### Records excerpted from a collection
++++++++++++++++++++
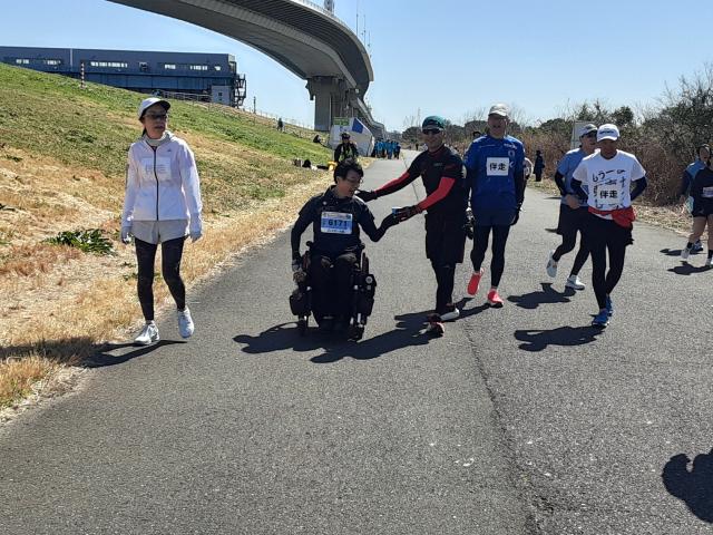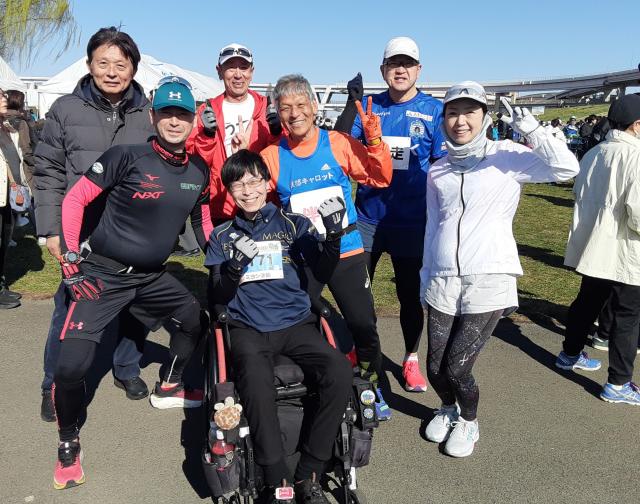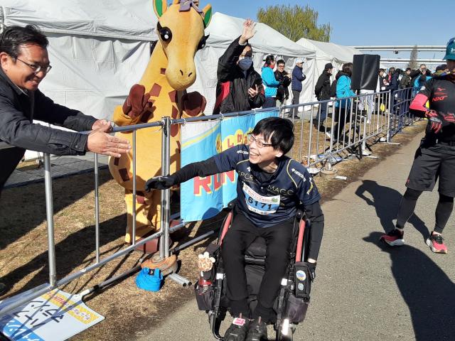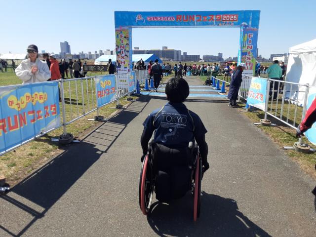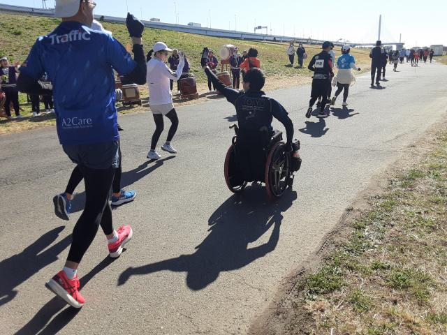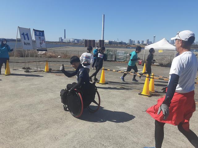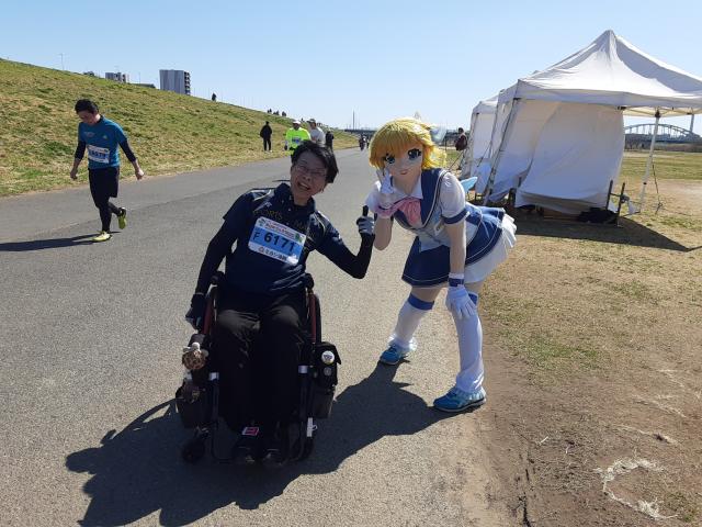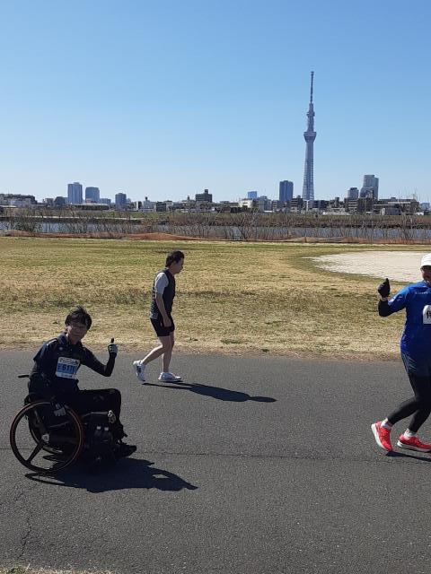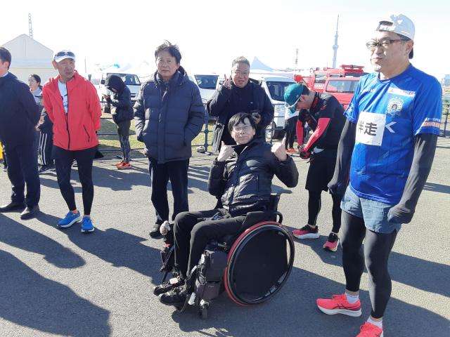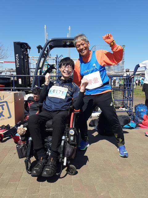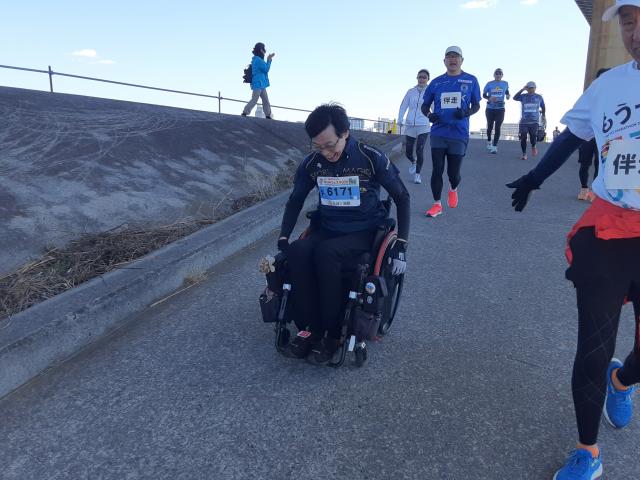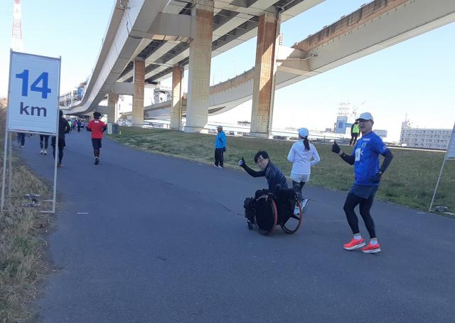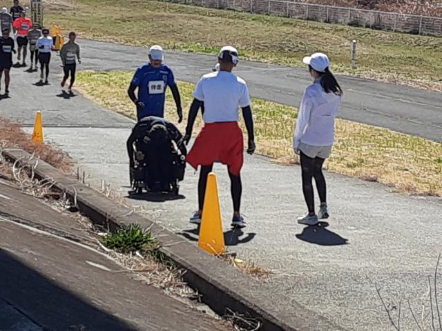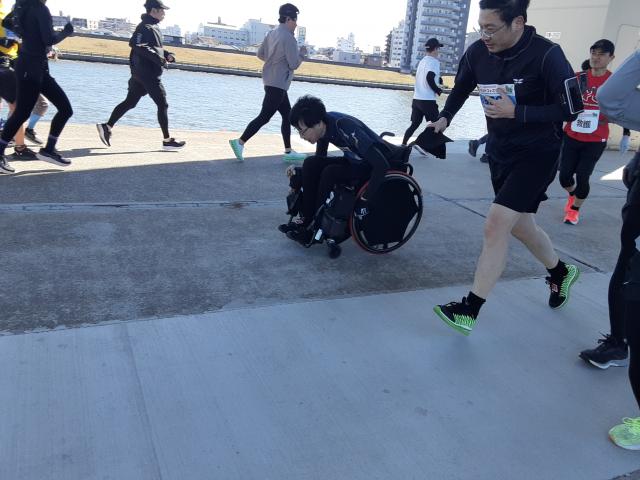 普通の車イスランナー・下山さんの伴走です。
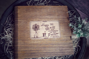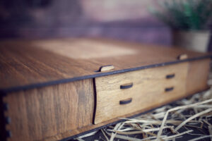 Cutie din lemn pentru album foto digital 30x30cm cu stick USB – model Papadie
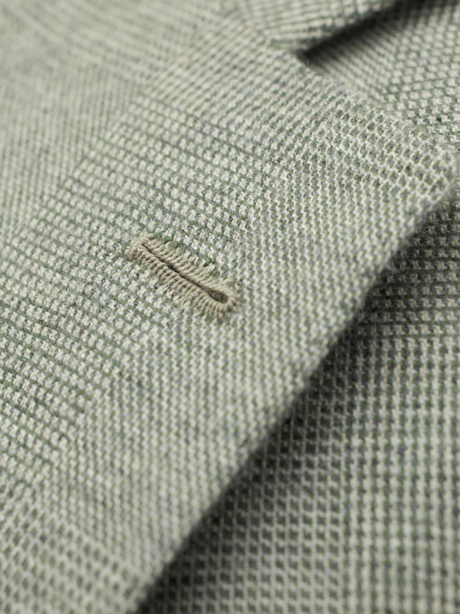 Handmade in Naples by Attolini’s master artisans, this jacket showcases the brand’s meticulous approach to tailoring. The double patch pocket is perfectly proportioned and precisely stitched, reflecting the level of detail that defines Neapolitan craftsmanship. Handmade buttonholes and a hand-finished collar further distinguish this piece, while the soft shoulder and natural drape speak to the comfort-first philosophy woven into every garment. Discover the elaborated sartorial details below.
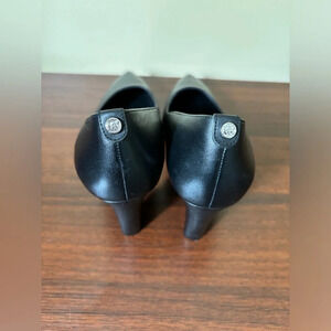 Timeless leather pumps by MK featuring a thick mid-rise heel and a pointed toe-box!
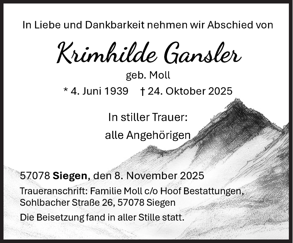 Hier finden Sie alle Traueranzeigen aus der Zeitung, die bisher für Krimhilde Gansler erschienen sind. Weitere Traueranzeigen, die in der Zeitung erscheinen, werden hier ebenfalls aufgelistet
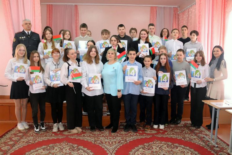 В рамках реализации Президентской программы «Дети Беларуси» стало хорошей традицией гражданам, достигшим 14-летнего возраста, дарить книгу «Я – гражданин Республики Беларусь». Не стало исключением и это торжественное мероприятие. Учащимся 7-9 классов были вручены книги от Президента Республики Беларусь.
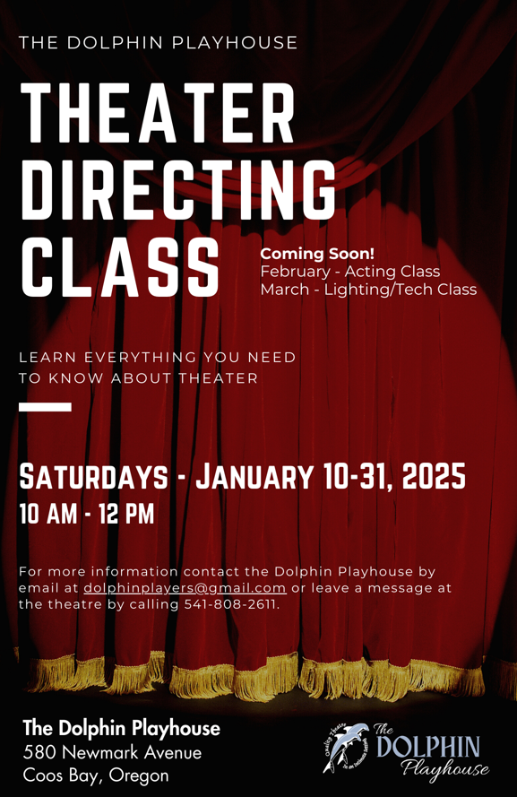 The class will meet on Saturdays at the Dolphin Playhouse from 10 am to 12 pm. A generous grant has been secured which reduces the cost of tuition from $75 to $25, with a rebate of tuition to anyone who directs a production for the Dolphin Playhouse. Fees may be paid on the first day of class or by arrangement.
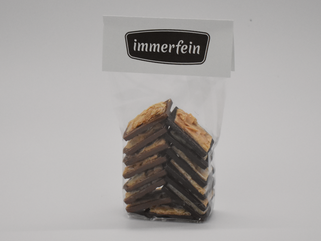 Zucker, Mandeln, Kakaobutter, Kakaomasse, Glukosesirup, Vollmilchpulver, Magermilchpulver, eingesottene Butter, Milchzucker, natürliches Vanillepulver, natürliches Vanille-Aroma, Sojalecithin (E322), Aroma, Gerstenmalzextrak
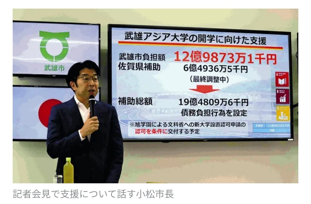 佐賀女子短期大学(佐賀市)を運営する学校法人旭学園(佐賀市)は29日、2026年4月の開学を目指す「武雄アジア大学」(佐賀県武雄市)について、文部科学省から設置認可を受けたと発表した。国立の佐賀大学(佐賀市)、私立の西九州大学(佐賀県神埼市)につづき、県内では3つめの四年制大学になる。
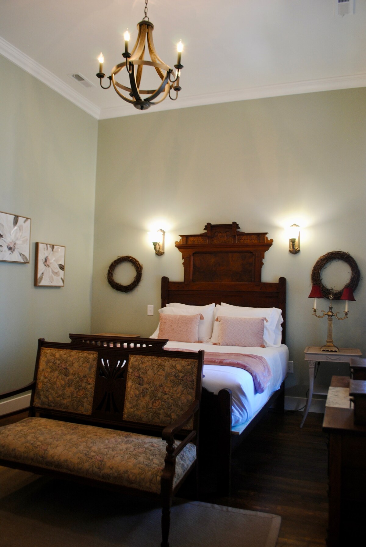 El barrio de la princesa novia es tu romántica suite de luna de miel. Esta habitación con luz natural es una gran suite principal con vistas a los jardines traseros y al sitio de ceremonias para bodas. Una habitación verdaderamente romántica que evoca una habitación moderna de estilo parisino. 300 pies cuadrados de lujo con ducha a ras de suelo tipo spa. Sumérgete en nuestro monograma Boutique Auberge y disfruta de un aroma embriagador de nuestro jabón de recuerdo hecho exclusivamente para Boutique Auberge. Desayuno caliente incluido bajo petición.
++++++++++++++++++++
### ASSIGNED TASK
Pictures stay out; reproduce exactly the lines from the one containing "佐賀女子短期大学(佐賀市)を" through the end of the data.

### EXERCISE SOLUTION
 佐賀女子短期大学(佐賀市)を運営する学校法人旭学園(佐賀市)は29日、2026年4月の開学を目指す「武雄アジア大学」(佐賀県武雄市)について、文部科学省から設置認可を受けたと発表した。国立の佐賀大学(佐賀市)、私立の西九州大学(佐賀県神埼市)につづき、県内では3つめの四年制大学になる。
 El barrio de la princesa novia es tu romántica suite de luna de miel. Esta habitación con luz natural es una gran suite principal con vistas a los jardines traseros y al sitio de ceremonias para bodas. Una habitación verdaderamente romántica que evoca una habitación moderna de estilo parisino. 300 pies cuadrados de lujo con ducha a ras de suelo tipo spa. Sumérgete en nuestro monograma Boutique Auberge y disfruta de un aroma embriagador de nuestro jabón de recuerdo hecho exclusivamente para Boutique Auberge. Desayuno caliente incluido bajo petición.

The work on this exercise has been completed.